So in a data lake we can store any kind of data, unprocessed (river water) and processed (bottled water). And the nicest thing is that it does not have to be structured. Relational data in any sort is not necessary. You can add images, music, documents, databases, text files, … No size limit to files or total storage (That is not possible with Azure Blob Storage). That are the storage capabilities of Data Lake. But an extra resource that is available is Data Lake Analytics that has a query language called “U-SQL”. This so called U-SQL gives us the ability to query text-files but also documents (docx, pdf, …) and images.
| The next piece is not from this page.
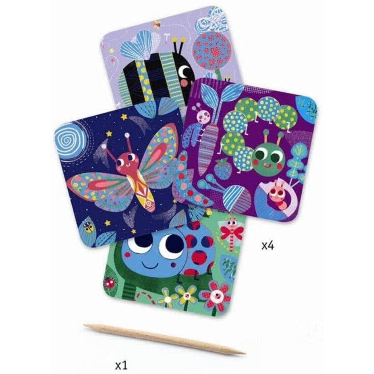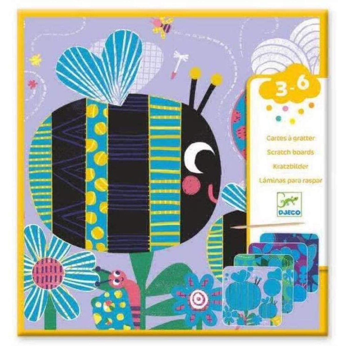 4 Kratzbilder mit einem abgerundeten Holzstab, geeignet für kleine Kinder. Mit dem Holzstab und dem Erklärungsheft kratzt das Kind die Oberfläche der Karte, um Muster zu bilden oder Überraschungen zu entdecken, was für ein Spaß! Und selbst wenn er, in seinem Impuls mitgerissen, alles zerkratzen will, wird das Ergebnis auch hübsch sein.
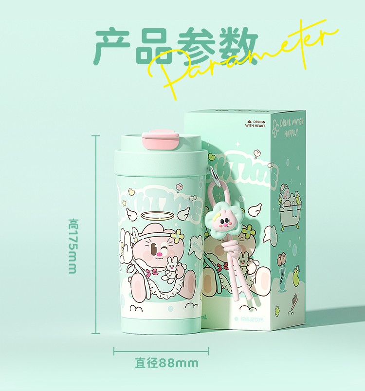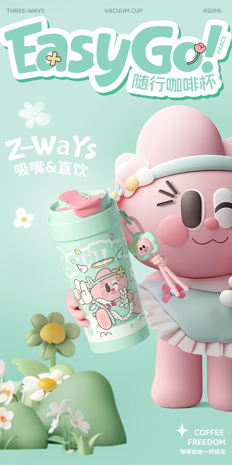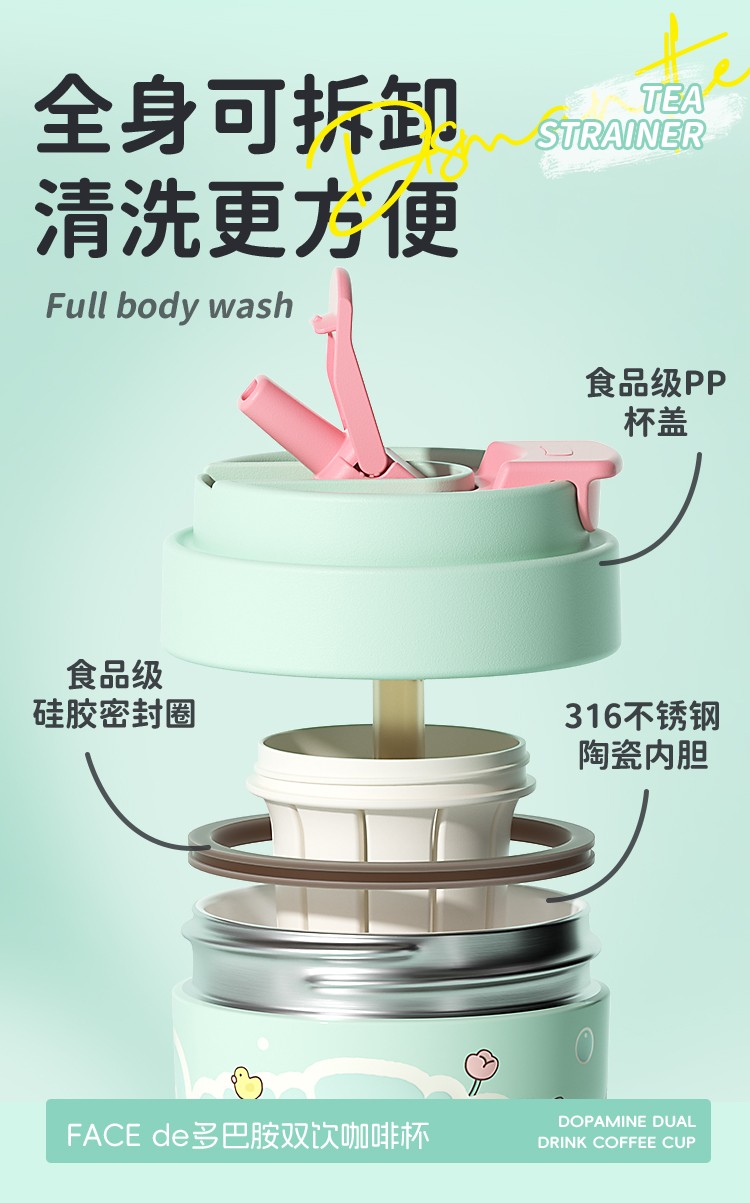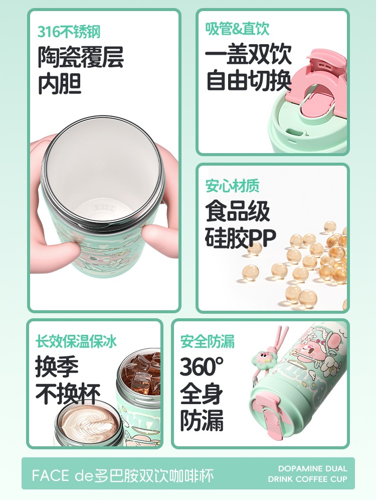 FACE 绵绵双饮杯(陶瓷内胆)【蓝色】(450ml)

How nice would it be if you have a collection of photos and you would want to see only the photos that have a horse on it. Or only with people who are smiling. Or what about executing Python or R code on data that is just there. It’s all possible.
- Highly scalable – For every job you commit you can choose how many processing units you want to use. You pay per second.
- Simple Query Language – U-SQL is a combination of C# and SQL and easy to learn and to use.
- Fast development and quick debugging – by making use of familiar tools like Visual Studio development and debugging is quickly done.
When do we use what? If you need a multi-model database go to Cosmos DB. If you need a relational database make use of SQL Data Warehouse, but if your data exists of all kind of different types of files then make use of Data Lake to clean and transform it, so you can store it in one of the others if necessary.